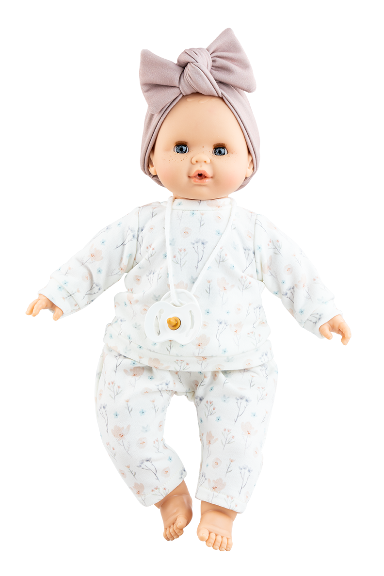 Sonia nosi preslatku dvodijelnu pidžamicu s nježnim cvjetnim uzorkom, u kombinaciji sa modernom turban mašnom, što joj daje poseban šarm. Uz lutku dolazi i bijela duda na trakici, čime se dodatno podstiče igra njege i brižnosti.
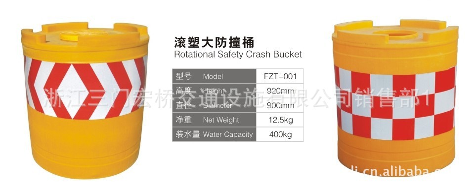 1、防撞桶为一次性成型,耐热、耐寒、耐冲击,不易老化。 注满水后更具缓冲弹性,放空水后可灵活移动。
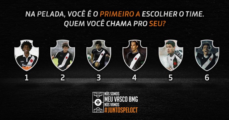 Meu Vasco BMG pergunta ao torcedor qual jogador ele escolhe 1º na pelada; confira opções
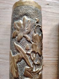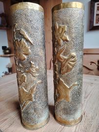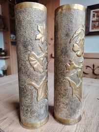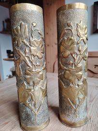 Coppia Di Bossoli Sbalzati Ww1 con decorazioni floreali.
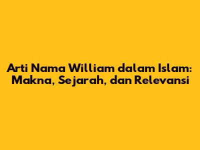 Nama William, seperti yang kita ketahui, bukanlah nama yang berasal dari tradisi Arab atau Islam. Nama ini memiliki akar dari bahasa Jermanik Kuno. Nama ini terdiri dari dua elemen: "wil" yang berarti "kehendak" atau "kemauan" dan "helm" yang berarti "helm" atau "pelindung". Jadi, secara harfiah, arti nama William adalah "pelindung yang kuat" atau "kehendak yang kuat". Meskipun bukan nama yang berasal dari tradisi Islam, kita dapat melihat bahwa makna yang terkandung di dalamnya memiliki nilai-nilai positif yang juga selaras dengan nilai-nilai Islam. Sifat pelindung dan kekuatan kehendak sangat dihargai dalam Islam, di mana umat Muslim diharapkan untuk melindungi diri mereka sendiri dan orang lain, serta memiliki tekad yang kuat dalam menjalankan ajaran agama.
++++++
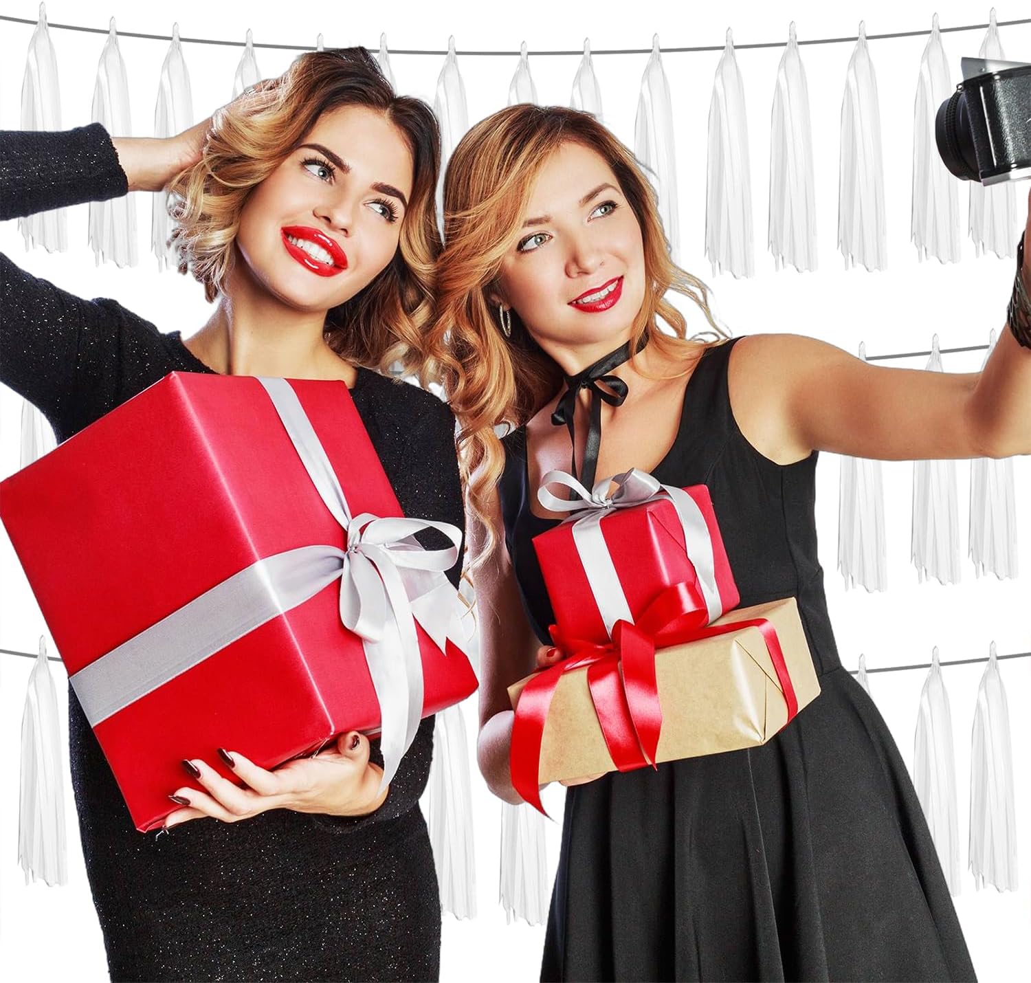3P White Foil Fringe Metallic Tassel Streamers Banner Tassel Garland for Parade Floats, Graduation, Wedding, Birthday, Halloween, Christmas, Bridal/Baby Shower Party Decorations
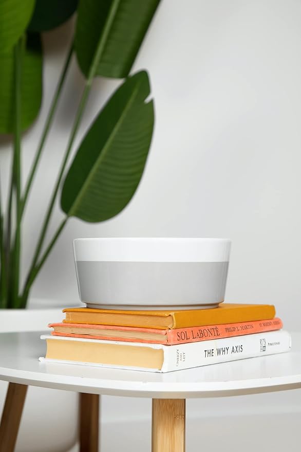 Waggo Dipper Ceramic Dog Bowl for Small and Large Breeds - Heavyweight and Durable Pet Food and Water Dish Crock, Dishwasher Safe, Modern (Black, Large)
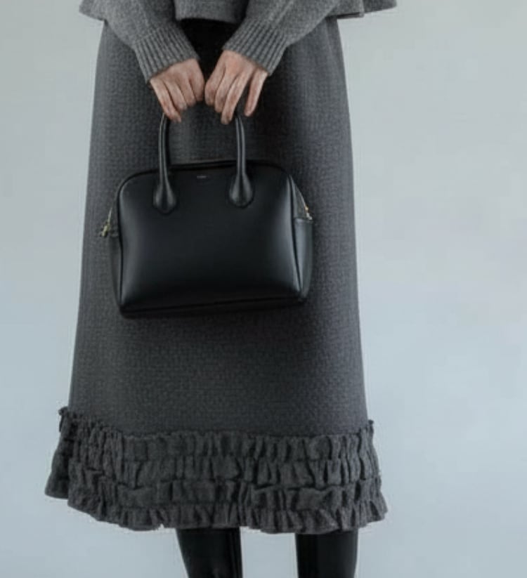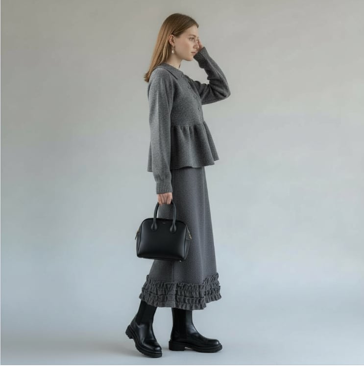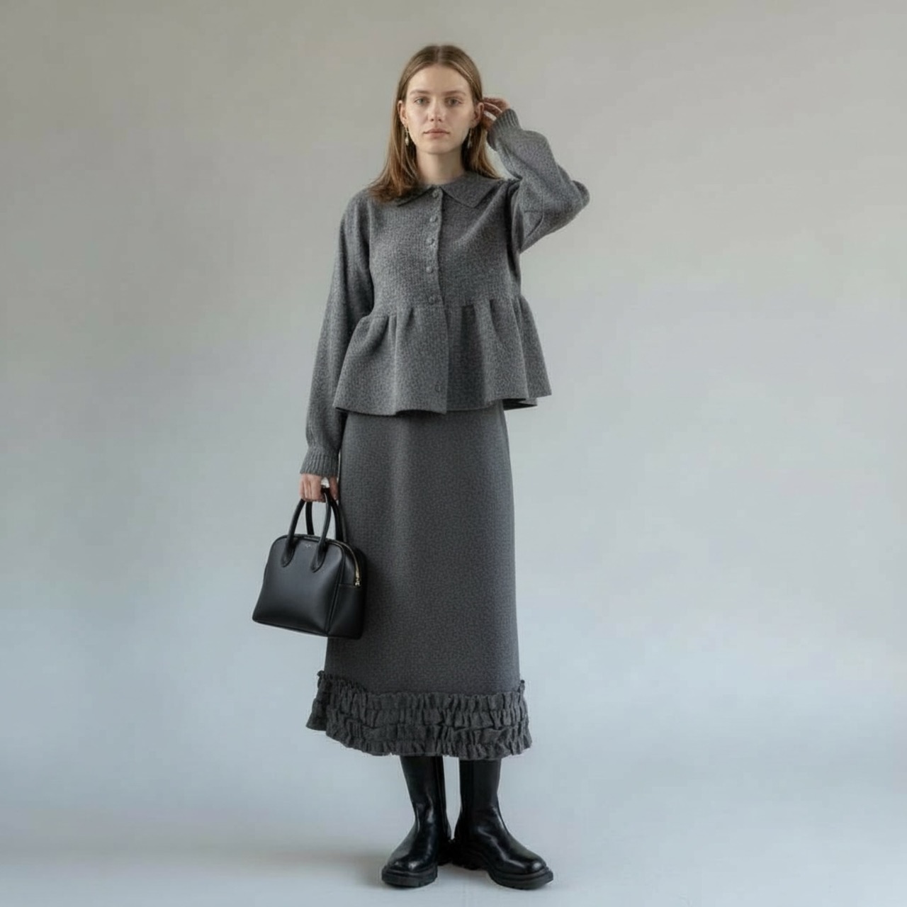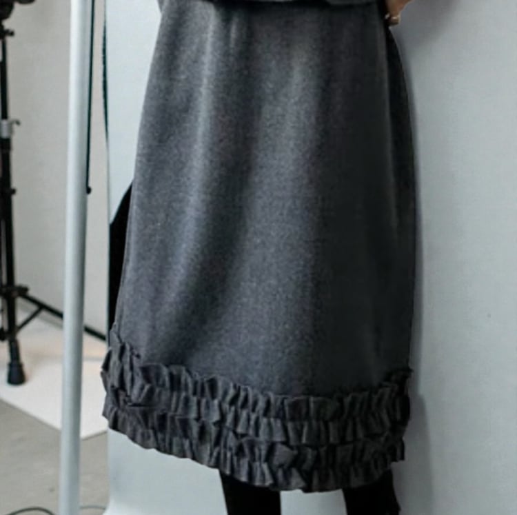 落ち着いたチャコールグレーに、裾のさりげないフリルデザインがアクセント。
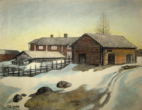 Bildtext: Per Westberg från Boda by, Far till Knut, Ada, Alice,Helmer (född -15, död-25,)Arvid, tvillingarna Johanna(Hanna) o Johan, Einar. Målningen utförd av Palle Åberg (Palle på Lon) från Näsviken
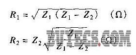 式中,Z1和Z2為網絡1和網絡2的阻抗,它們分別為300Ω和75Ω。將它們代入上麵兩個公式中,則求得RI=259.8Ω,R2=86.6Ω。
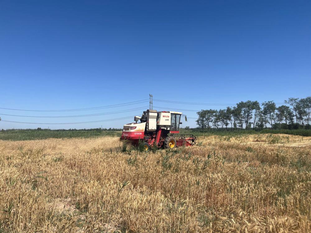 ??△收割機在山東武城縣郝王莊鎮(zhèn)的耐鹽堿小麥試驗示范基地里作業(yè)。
++++++
In the listing above, find the line with "Sonia nosi preslatku" and the line with "Coppia Di Bossoli". Set down exactly those lines and everything between them, skipping pictures.

▸ **Problem solution**:
 Sonia nosi preslatku dvodijelnu pidžamicu s nježnim cvjetnim uzorkom, u kombinaciji sa modernom turban mašnom, što joj daje poseban šarm. Uz lutku dolazi i bijela duda na trakici, čime se dodatno podstiče igra njege i brižnosti.
 1、防撞桶为一次性成型,耐热、耐寒、耐冲击,不易老化。 注满水后更具缓冲弹性,放空水后可灵活移动。
 Meu Vasco BMG pergunta ao torcedor qual jogador ele escolhe 1º na pelada; confira opções
 Coppia Di Bossoli Sbalzati Ww1 con decorazioni floreali.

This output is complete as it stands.